Publication: Science Translational Medicine  09 Oct 2019: Vol. 11, Issue 513, eaay2574

Authors: Salo N. Ooft,Fleur Weeber, Krijn K. Dijkstra, Chelsea M. McLean, Sovann Kaing, Erik van Werkhoven, Luuk Schipper, Louisa Hoes, Daniel J. Vis, Joris van de Haar, Warner Prevoo, Petur Snaebjornsson, Daphne van der Velden, Michelle Klein, Myriam Chalabi, Henk Boot, Monique van Leerdam, Haiko J. Bloemendal, Laurens V. Beerepoot, Lodewyk Wessels, Edwin Cuppen, Hans Clevers and Emile E. Voest

Abstract

There is a clear and unmet clinical need for biomarkers to predict responsiveness to chemotherapy for cancer.
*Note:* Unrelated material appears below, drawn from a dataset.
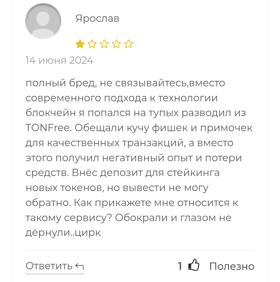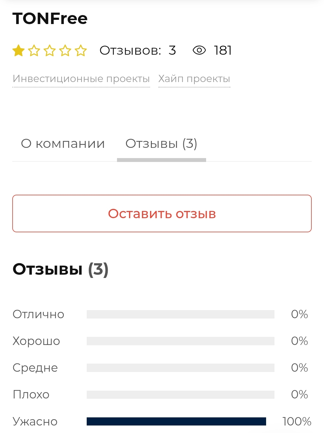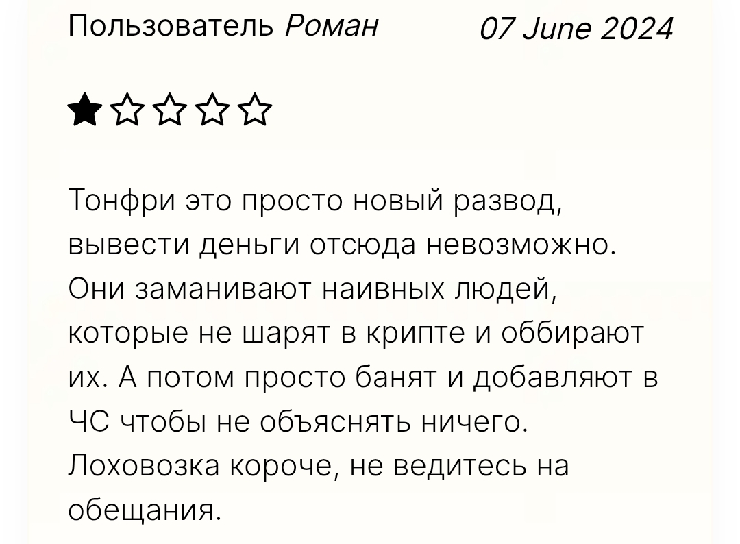У платформы Tonfree Win низкий уровень доверия, а отзывы пользователей о проекте носят исключительно негативный характер.

We developed an in vitro test based on patient-derived tumor organoids (PDOs) from metastatic lesions to identify nonresponders to standard-of-care chemotherapy in colorectal cancer (CRC). In a prospective clinical study, we show the feasibility of generating and testing PDOs for evaluation of sensitivity to chemotherapy. Our PDO test predicted response of the biopsied lesion in more than 80% of patients treated with irinotecan-based therapies without misclassifying patients who would have benefited from treatment. This correlation was specific to irinotecan-based chemotherapy, however, and the PDOs failed to predict outcome for treatment with 5-fluorouracil plus oxaliplatin. Our data suggest that PDOs could be used to prevent cancer patients from undergoing ineffective irinotecan-based chemotherapy.